DATA SHOWN Start Marker
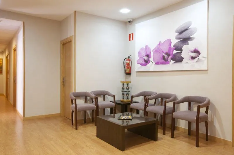 Recepción de madera clara en una oficina o clínica, con mesa y sillas en la sala de espera.
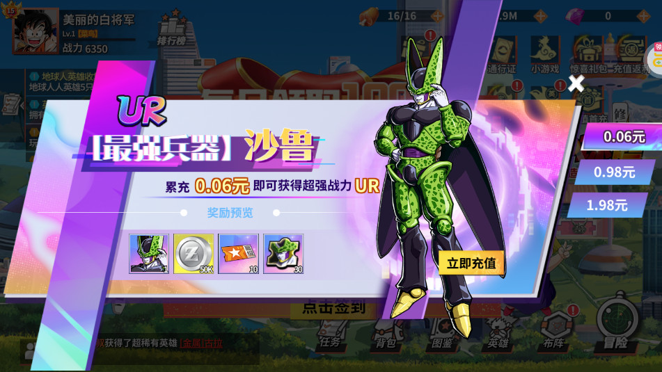 ★登录就送ur英雄孙悟空*1、孙悟空全套专属装备礼盒*1、黄金套全套宝箱*1、经验胶囊-max*888、突破材料自选大礼包*18、银币*888w,豪华大奖送不停。
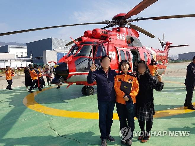 (대구=연합뉴스) 독도 소방헬기 추락 사고로 숨진 중앙119구조본부 영남119특수구조대 소속 박단비 구급대원이 생전 소방헬기 앞에서 부모님과 사진 촬영을 하고 있다. 박 대원 시신은 사고 13일째인 12일 수습됐다. 2019.11.12 [박단비 구급대원 가족 제공, 재판매 및 DB 금지]
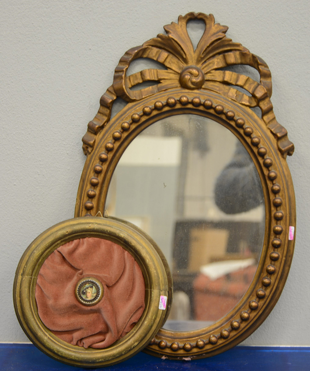 Lotto composto da una cornicetta ovale in legno dorato ed una tonta...
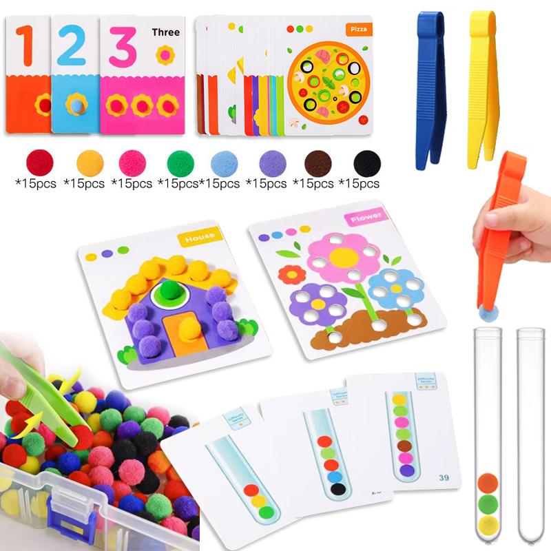Numărând Pompoane cu Cărți de Sortare Potrivite Învățare Matematică Preșcolară Educație STEM Activități de Abilități Motrice Fine Jucării pentru Copii Cadouri
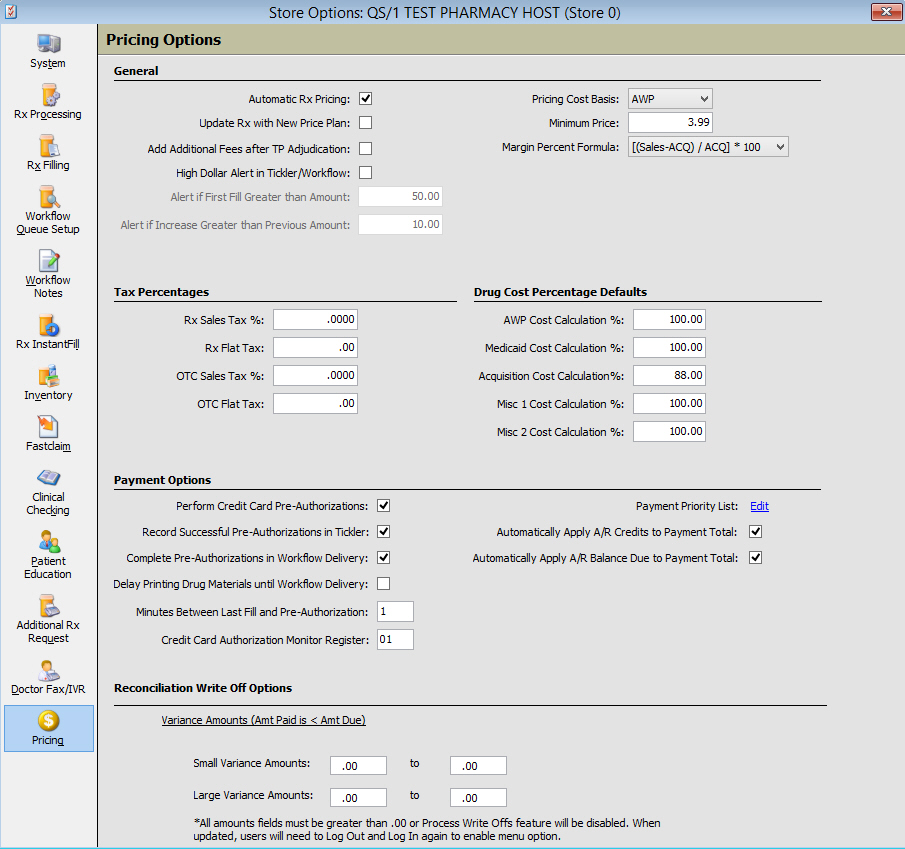 | Minimum Price | Type the minimum price to charge for all prescriptions. |
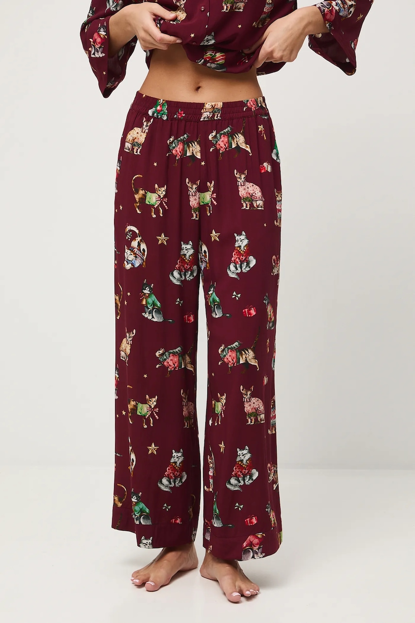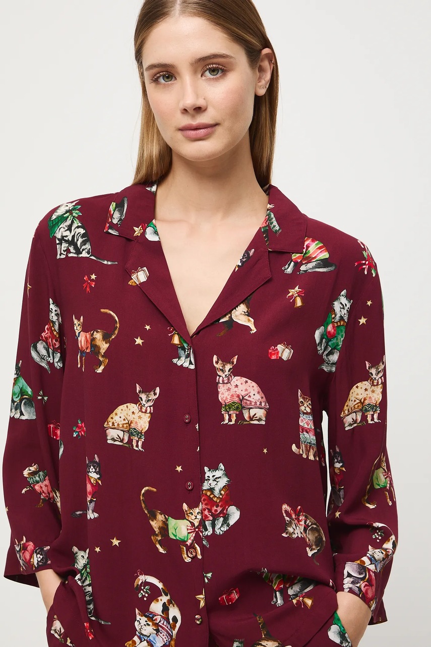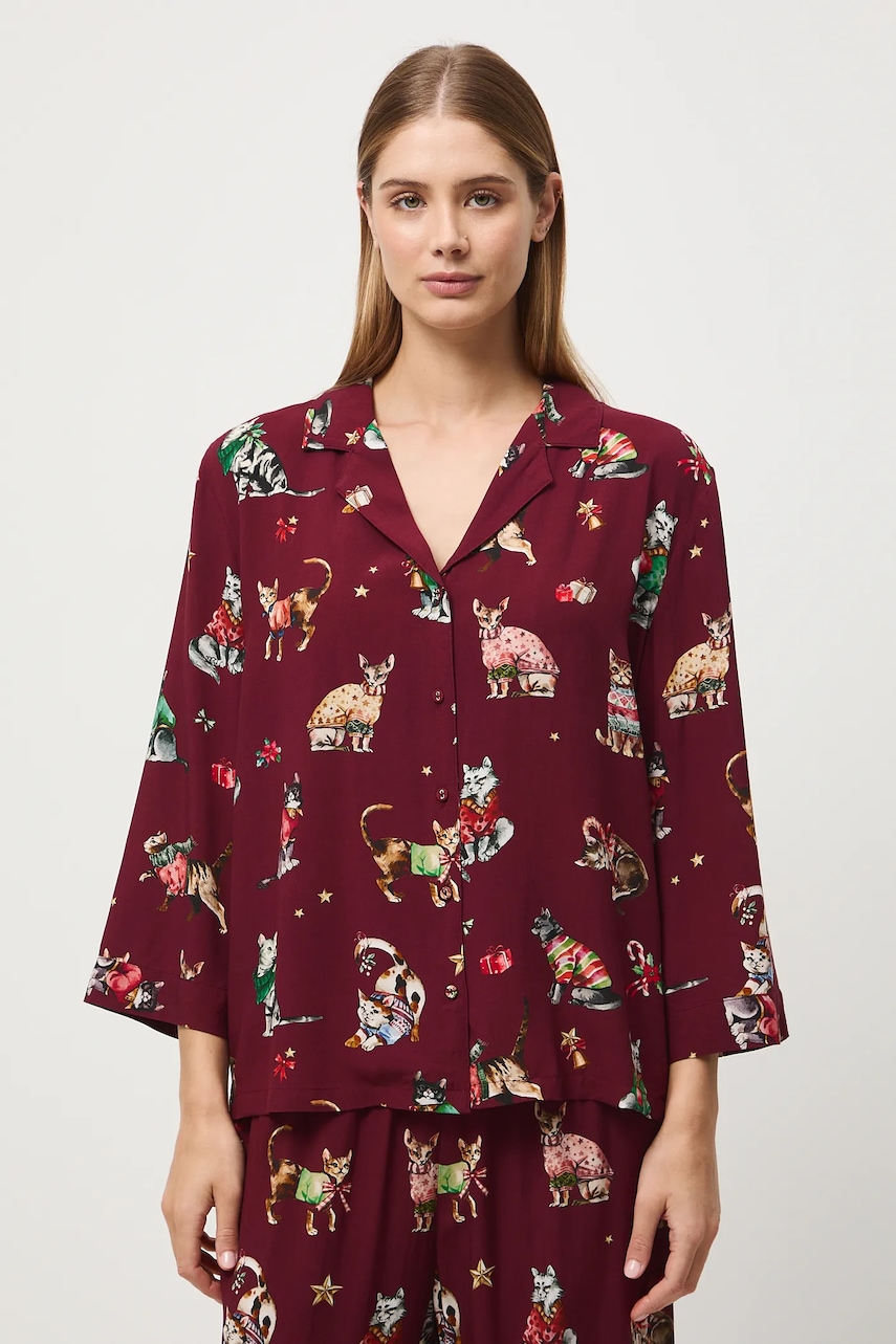- Luźny fason. - Rękaw trzy czwarte. - Model z kołnierzykiem. - Zapięcie na guziki. - Regularna talia. - Elastyczna listwa w pasie. - Wsuwane kieszenie. - Szeroka nogawka. - Wzorzysta tkanina. - Wzór z motywem zwierzęcym - koty. - Motyw świąteczny. - Rozmieszczenie wzoru może różnić się na każdej sztuce produktu. - Długość: 67 cm. - Szerokość w biuście: 53 cm. - Szerokość w pasie (przed rozciągnięciem): 37,5 cm. - Szerokość w pasie (po rozciągnięciu): 50,5 cm. - Szerokość w biodrach: 55 cm. - Wysokość stanu: 31 cm. - Szerokość nogawki na dole: 31 cm. - Długość wewnętrzna nogawki: 67 cm. - Wymiary podane dla rozmiaru: S. Chcesz zapakować ten produkt na prezent? W koszyku zakupów zaznacz opcję „Zapakuj na prezent”, a my zrobimy to dla Ciebie.
DATA SHOWN End Marker
▸ YOUR TASK
Using the data above, return the lines from the one holding "Lotto composto da" through the one holding "all prescriptions. |" exactly, but not the pictures.

▸ TASK SOLUTION
 Lotto composto da una cornicetta ovale in legno dorato ed una tonta...
Numărând Pompoane cu Cărți de Sortare Potrivite Învățare Matematică Preșcolară Educație STEM Activități de Abilități Motrice Fine Jucării pentru Copii Cadouri
 | Minimum Price | Type the minimum price to charge for all prescriptions. |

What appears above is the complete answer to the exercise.